# Sheet Music Help



## TaP (Jun 1, 2015)

So, I've gotten way more theory literate if I do say so myself... thanks to fellow musicians, and SS.

New question revolving sheet music because I've been trying this for a while.

1) How do I know where to mark my notes? I never go more than like 4 spaces or ledger lines down for writing, but sometimes (most times) I'm in Drop C, B, or Ab, or standard F# on 8s. To ME I can figure it out, since it's my writtens, but how the hell would anyone else get that without hearing it?

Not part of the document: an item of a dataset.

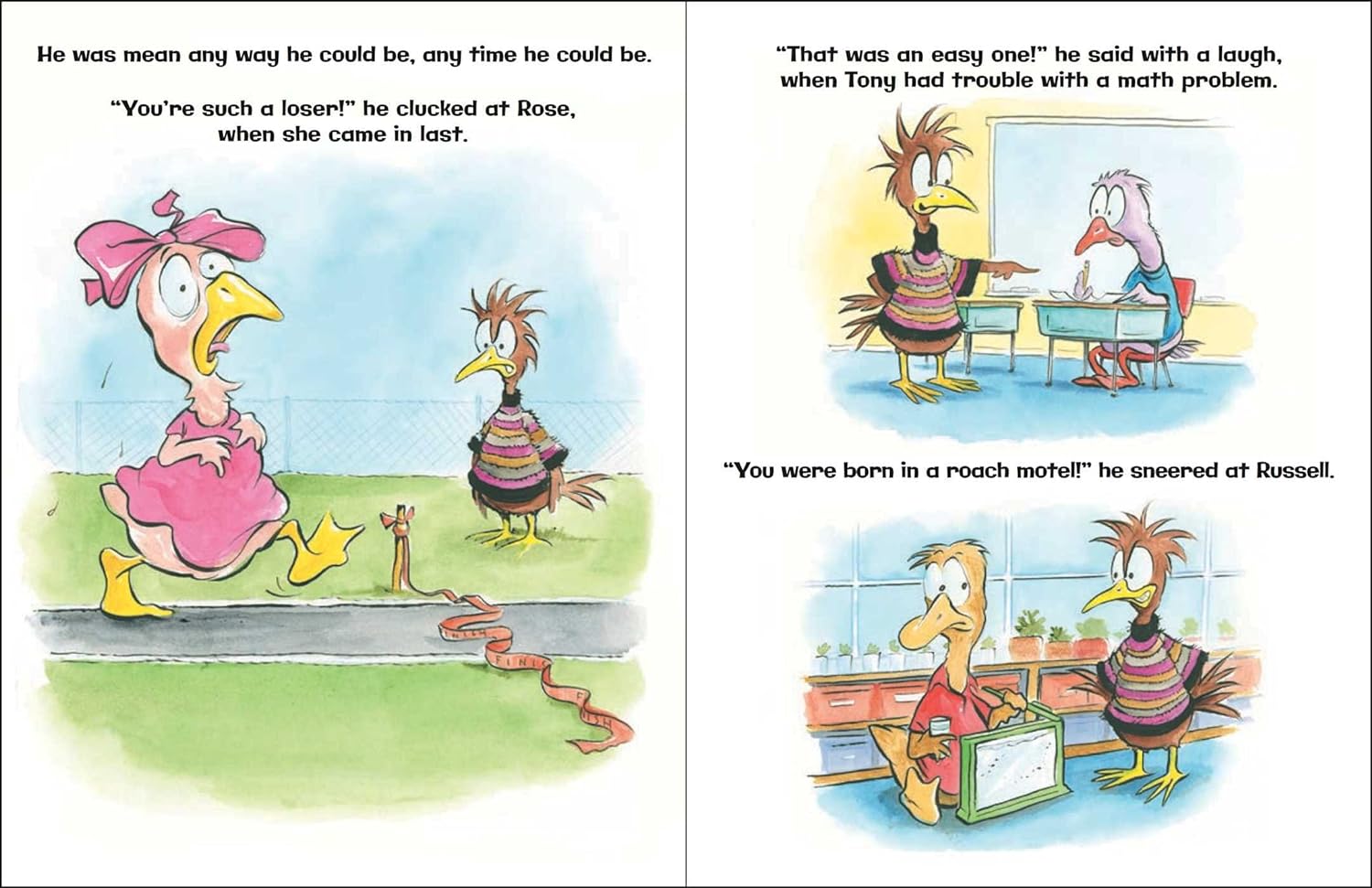 Eddie the chicken is the meanest kid in class. He may be the smallest, but he is the biggest bully. He calls people names, hides people’s homework, and trips people. No one is safe from his bullying! And when the teachers give him a time out, that just gives him time to think of more mean things to do!

Same question goes for reading it and playing it back... I mean I can pretty much feel around each octave of that note until it sounds like the song I'm trying to play/read, but is that the only way to go about it?

2) Epic Fail - Bulb 





Basically I wanna know with the curved lines that are in between the barred 8th notes (first chord for example) I KNOW from the tab and song that you're just striking that A note right after that F#sus2 (correct if wrong), but for example where you're hitting G# and C# (the next chord after that Fmaj) why does it have 3 notes on the notation for one note on the G string, and one note on the D string? How do I interpret that?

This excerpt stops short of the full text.